* _Supplied information_
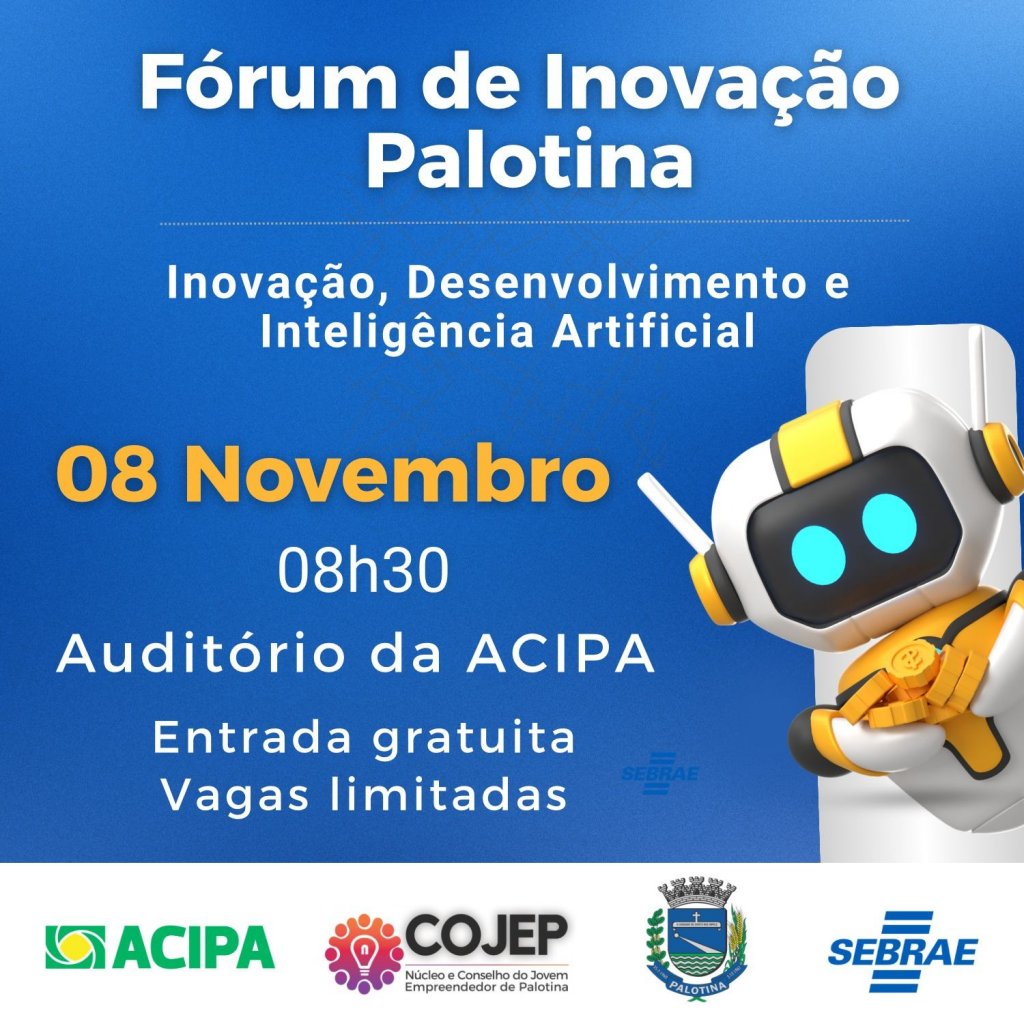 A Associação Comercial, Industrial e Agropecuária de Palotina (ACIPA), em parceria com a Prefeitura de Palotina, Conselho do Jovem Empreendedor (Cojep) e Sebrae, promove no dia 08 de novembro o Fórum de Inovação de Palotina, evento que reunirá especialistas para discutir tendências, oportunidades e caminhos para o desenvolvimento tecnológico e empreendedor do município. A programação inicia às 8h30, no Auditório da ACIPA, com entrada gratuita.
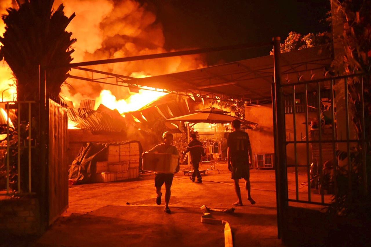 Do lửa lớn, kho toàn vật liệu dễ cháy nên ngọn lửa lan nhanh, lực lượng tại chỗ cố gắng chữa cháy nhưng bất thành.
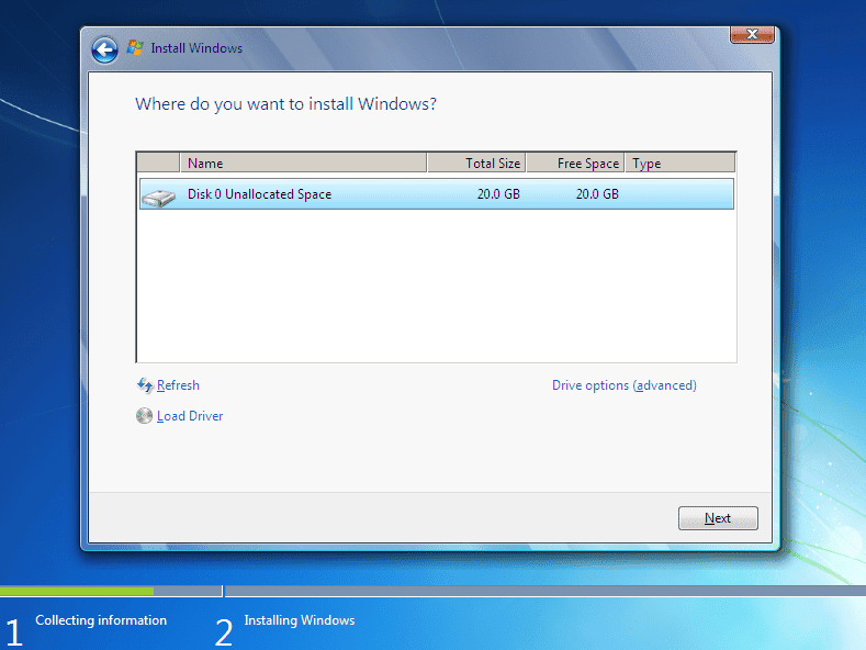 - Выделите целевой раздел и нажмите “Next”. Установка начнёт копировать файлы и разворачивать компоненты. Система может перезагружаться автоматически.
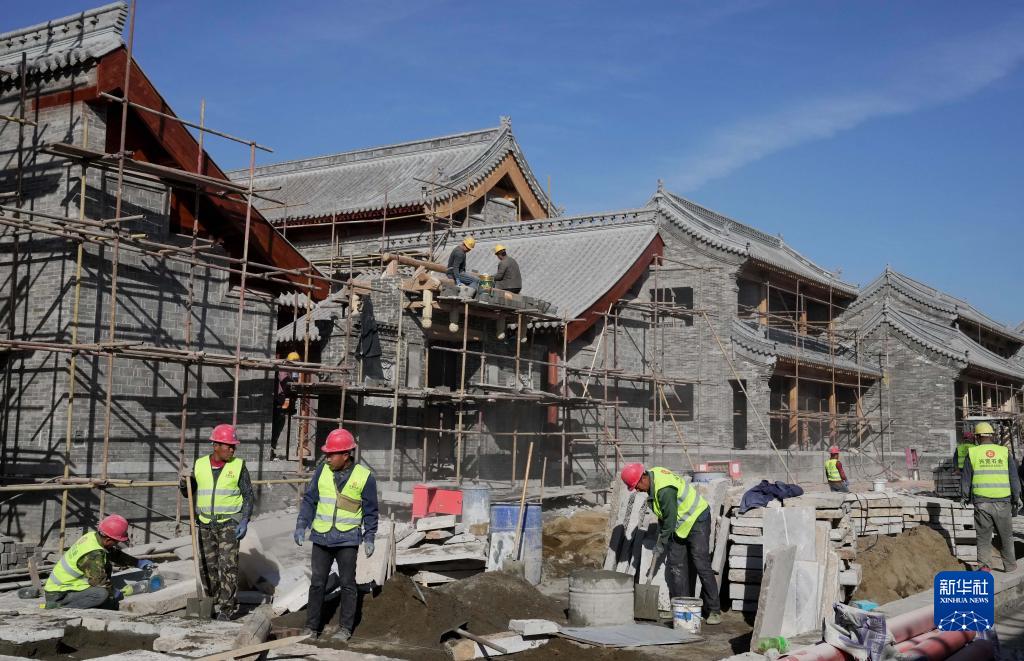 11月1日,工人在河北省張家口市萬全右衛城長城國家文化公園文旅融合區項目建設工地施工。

* _Problem to solve_
Copy exactly, and only, the lines from the line containing "Do lửa lớn, kho" through the final line of the material above, with no pictures.

* _Response for this exercise_
 Do lửa lớn, kho toàn vật liệu dễ cháy nên ngọn lửa lan nhanh, lực lượng tại chỗ cố gắng chữa cháy nhưng bất thành.
 - Выделите целевой раздел и нажмите “Next”. Установка начнёт копировать файлы и разворачивать компоненты. Система может перезагружаться автоматически.
 11月1日,工人在河北省張家口市萬全右衛城長城國家文化公園文旅融合區項目建設工地施工。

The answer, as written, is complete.